Hearing marching boots, I motioned Grego to pass through the door to the bar before I hailed the passing section leader. "One of your men is hurt - he was caught in a fight with some of the rioters - can you manage him?" Then I re-entered the bar myself.

Grego was gazing wide-eyed at some of the contractors drinking in the shadows, but he turned as he heard the door open. "I'm sorry about the window."

"Never mind. It had to be replaced anyway."

"No... I mean... it was me who broke it the first time."

"Oh." I stared at him coldly.

"There was a soldier attacking a lassie. She put up a good fight, but he'd got her by the throat, so I fired at him." He showed me the pistol under his jacket.

"Pretty, was she?"

"Looked a bit like my Mam."

"There's no room for sentiment in this profession, Grego."

"No." He looked contrite.

"Or for bad shots. What happened to them?"

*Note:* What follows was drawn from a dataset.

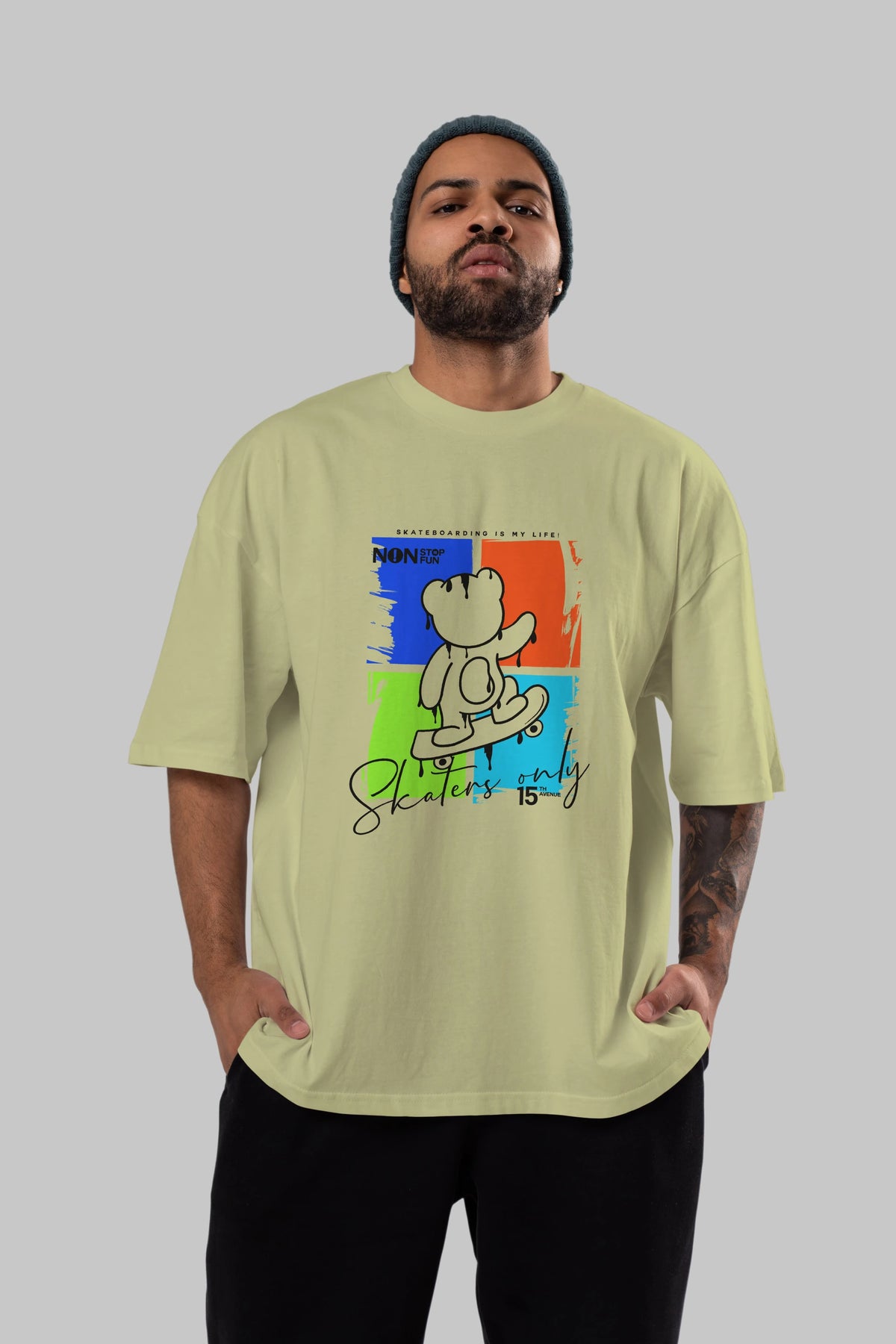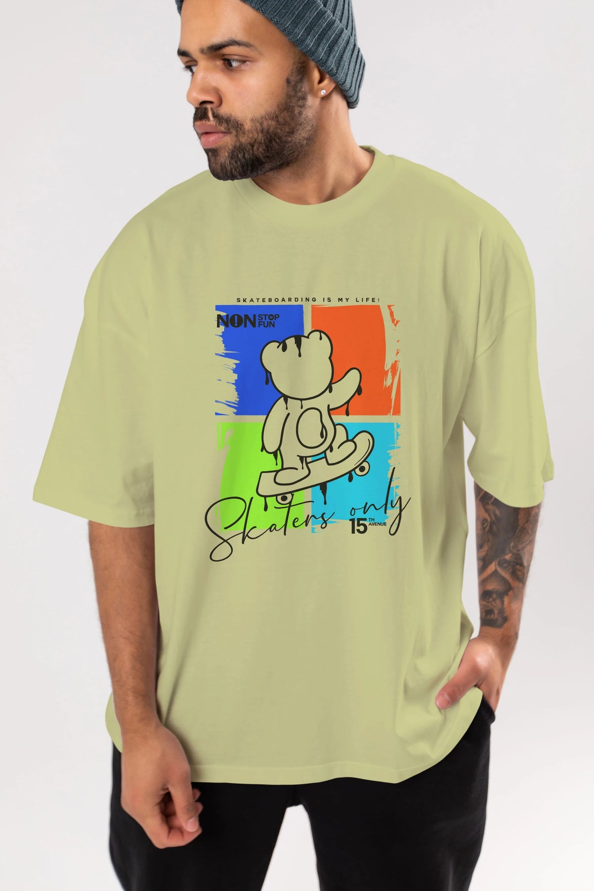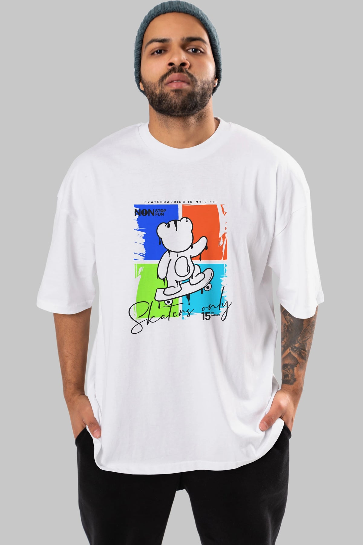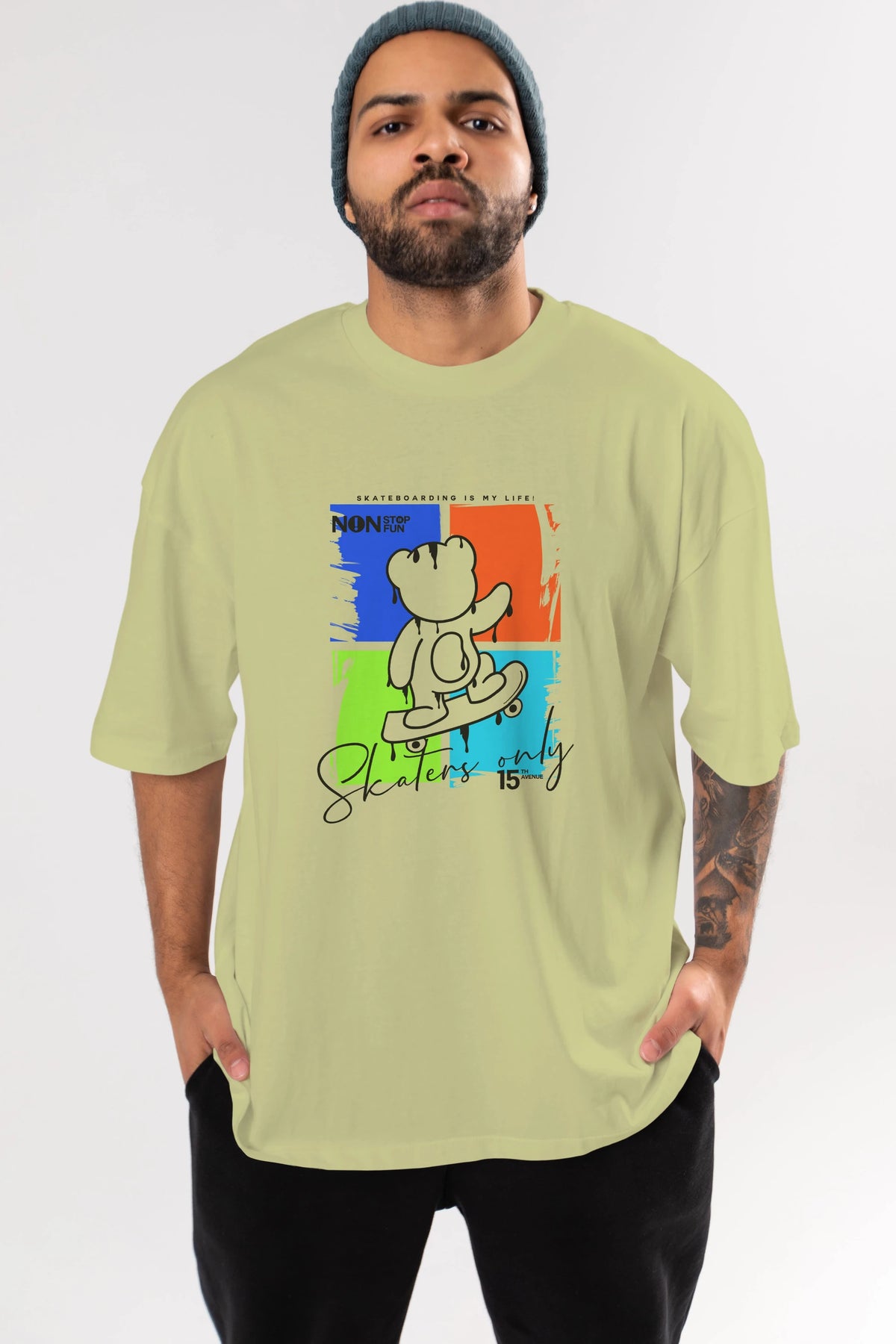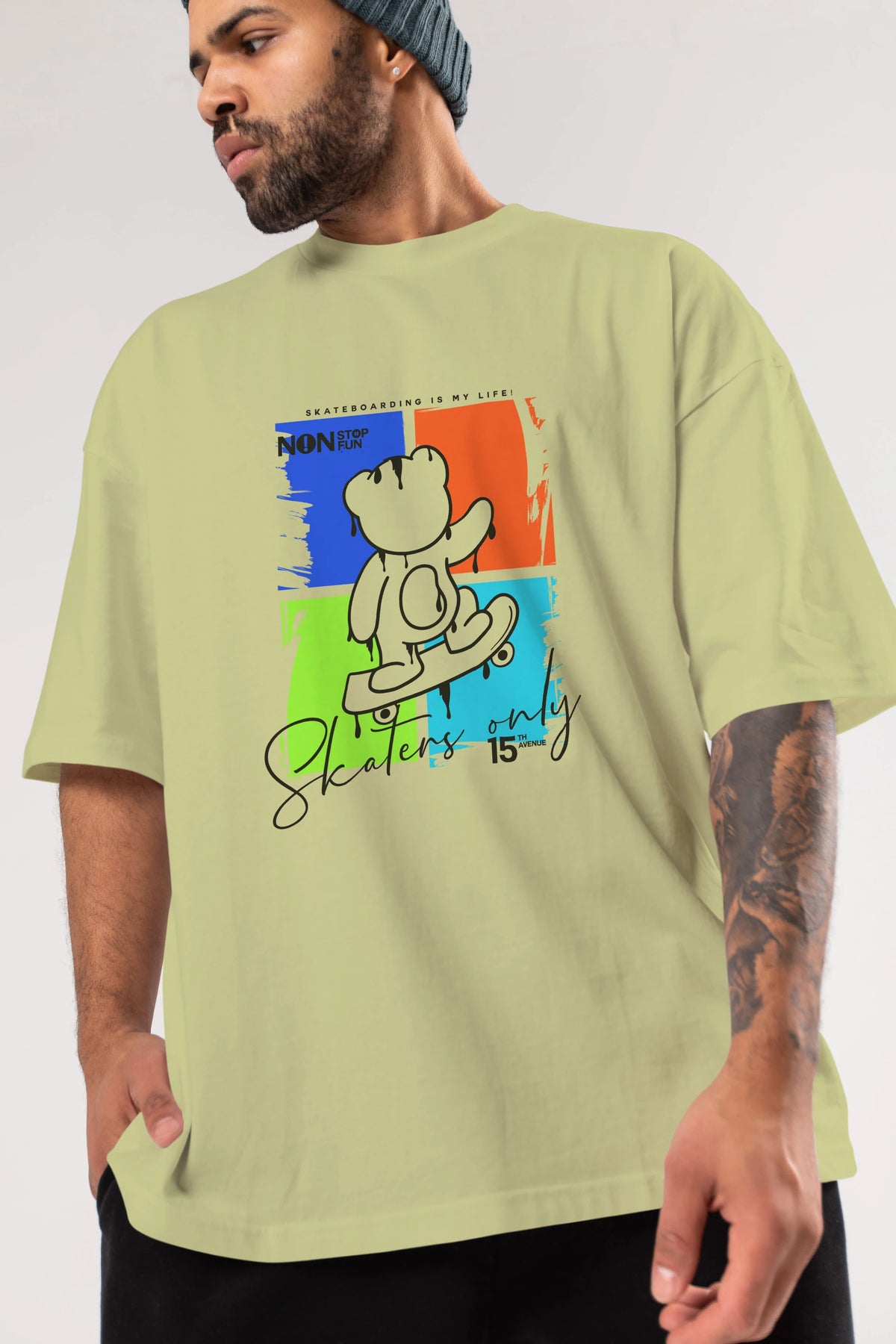 Skaters Only Bear Ön Baskılı Oversize t-shirt Erkek Kadın Unisex

"It was close enough to his head that he let go his grip, and she ran off... I'll practise."

"What did your Mam tell you about Armand?" I asked.

"She said he was a bonny fighter. And that I was shaping to be the same, so I should come here."

"She was right. He _was_ a bonny fighter. Maybe it's in the blood." I wondered whether I had been too careful with Armand after all. I didn't need a son, but it might have been fun to have brought up a daughter to follow in my footsteps.

"Grego, I'll see what I can find for you. You'll pay for the window out of your first earnings."

The smile lighting up his face would have been a down-payment... if there had been room for sentiment in the free contractor's profession.


End file.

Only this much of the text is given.